Automated system for chromosome karyotyping to recognize the most common numerical abnormalities using deep learning

Chromosome analysis is an essential task in a cytogenetics lab, where cytogeneticists can diagnose whether there are abnormalities or not. Karyotyping is a standard technique in chromosome analysis that classifies metaphase image to 24 chromosome classes. The main two categories of chromosome abnormalities are structural abnormalities that are changing in the structure of chromosomes and numerical abnormalities which include different types like monosomy (missing one chromosome) or trisomy (extra copy of the chromosome). Manual karyotyping is complex and requires high domain expertise, as it takes an amount of time.
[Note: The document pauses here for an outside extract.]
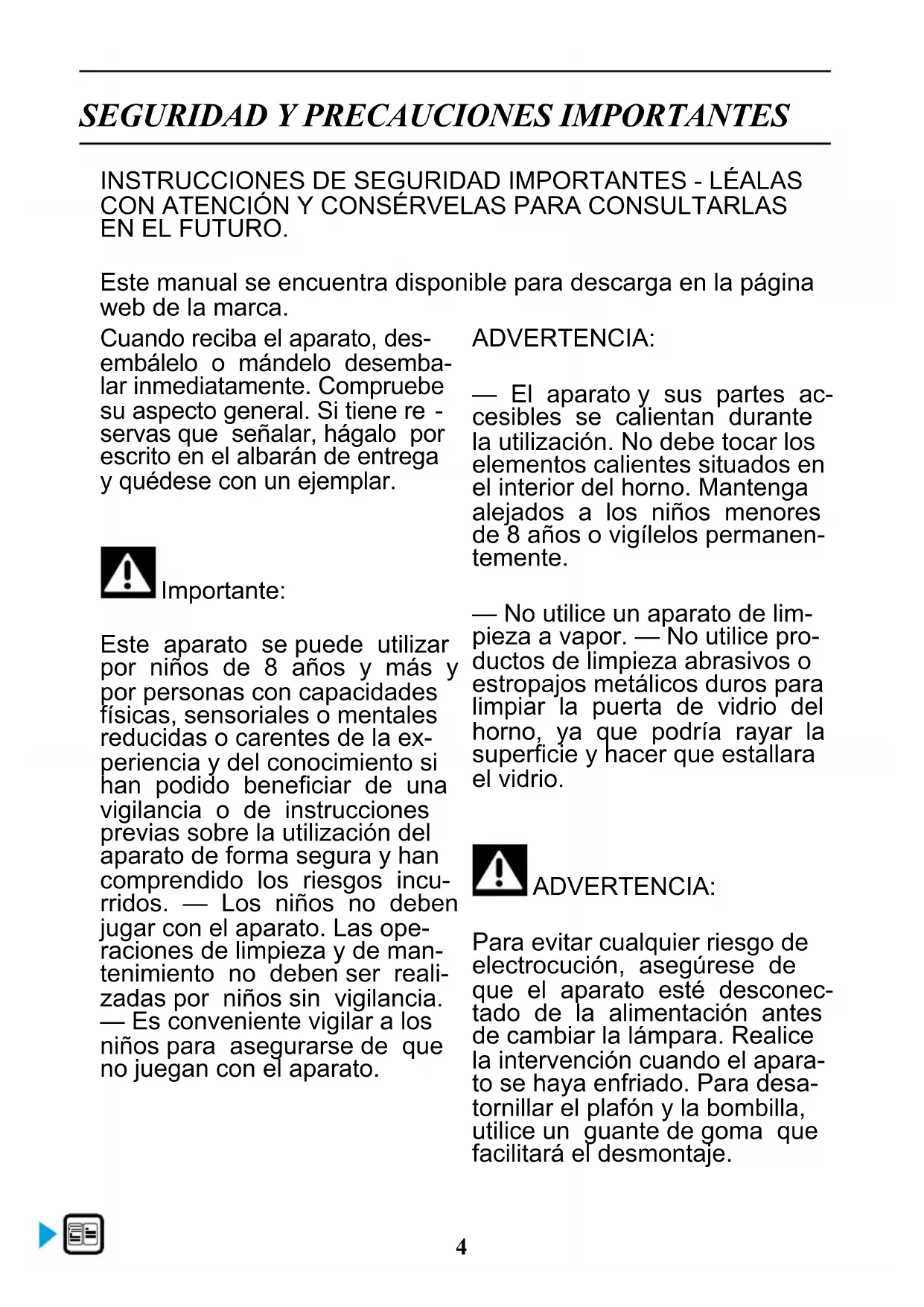 Este aparato se pueda utiliser por niños de 8 años y más y por personas con capacities físicas, sensoriales o mentales reduidas o carentes de la experiencia y del conocimiento si han podido beneficiar de una vigilancia o de instrucciones previas sobre la utilización del aparato de forma segura y han comprehindo los riesgos incu-rridos. — Los niños no deben hacer con el aparato. Las operaciones de limpieza y de mantenimiento no deben ser realizadas por niños sin vigilancia. — Es conveniente vigilar a los niños para asegurar de que no jugan con el aparato.

With these motivations, in this research, we automate karyotyping by borrowing the latest ideas from deep learning and recognize the most common numerical abnormalities (monosomy and trisomy) on a dataset contains 147 non-overlapped metaphase images collected from Center of Excellence in Genomic Medicine Research at King Abdulaziz University. The metaphase images go through three stages in our study. The first one is individual chromosomes detection using YOLOv2 Convolutional Neural Network followed by some chromosome post-processing. This step achieved 0.84 mean IoU, 0.9923 AP, and 100% individual chromosomes detection accuracy. The second stage is feature extraction and classification where we fine-tune VGG19 network using two different approaches, one by adding extra fully connected layer(s) and another by replacing fully connected layers with the global average pooling layer. The best accuracy obtained is 95.04%. The final step is detecting abnormality and this step obtained 96.67% average abnormality detection accuracy. To further validate the proposed classification method, we examined the Biomedical Imaging Laboratory dataset which is publicly available online and achieved 94.11% accuracy.